ITS A HARD WEEK FOR ACTORS. ~ Christmas Business Is Always Poor and the Pay is Half.

December 21, 1908
ITS A HARD WEEK FOR ACTORS.

Christmas Business Is Always Poor
and the Pay is Half.

To one class of people, at least, Christmas lacks the cheer and good feeling which most persons believe prevails everywhere in Christendom. To this class of people Christmas comes as a hardship.

It is the actor folk who are thus affected. Always has Christmas week and Christmas day been the bane of an actor's existence. In the first place theatergoers are wont to stay at home and business at the theaters is very poor.

In view of this fact managers of theatrical companies universally make it a provision of the actor's contract that salaries are to be cut in half during that week. Some companies lay off altogether. Herein lies the saddest part of it all. In the majority of cases the company has traveled west from New York, the Mecca of all actors, and after several weeks' run has made the Middle West at any rate. This is too far distant for the actors to return home, and those that are laid off get themselves to the nearest large city to spend the lack of Christmas cheer.

Even this early before Christmas week the theatrical business is falling off materially and the box office receipts give an accurate tally of the number of days before Christmas week proper.

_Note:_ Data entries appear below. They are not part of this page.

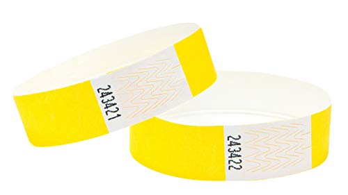 J&R Wristbands Braccialetti Tyvek, Braccialetti Simili alla Carta Utilizzati per Eventi, Discoteche, Parchi Acquatici, Ecc, Confezione da 100 Pezzi da 3/4 Pollici (Giallo Sole)(19 X 250 Millimetri)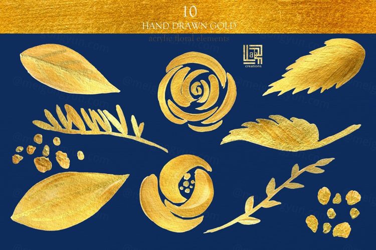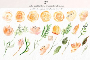 此系列包括:?27个独立的水彩花卉/叶子图像,PNG格式,透明背景?10个独立的亚克力金色花朵和树枝?6个PNG格式的花卉布置,透明背景?1个PNG格式的头部排列,透明背景?1个水彩花圈PNG格式的图像与透明背景?2手绘水彩纹理以jpeg格式。?2张PNG和JPG格式的手绘丙烯酸纹理。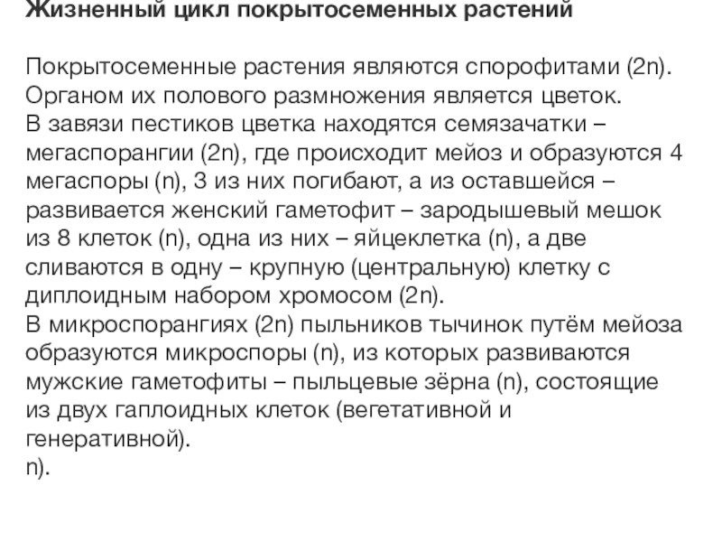 Покрытосеменные растения являются спорофитами (2n). Органом их полового

Such being the case many of the companies which have been barnstorming or doing the kerosene circuit, as one night stands in small towns are called, has disbanded for two weeks, and many actors are flocking to Kansas City. The registers at the smaller and cheaper hotels show that Kansas City is a favorite waiting place for these unfortunate actor folk who must spend their Christmas away from home, and without occupation.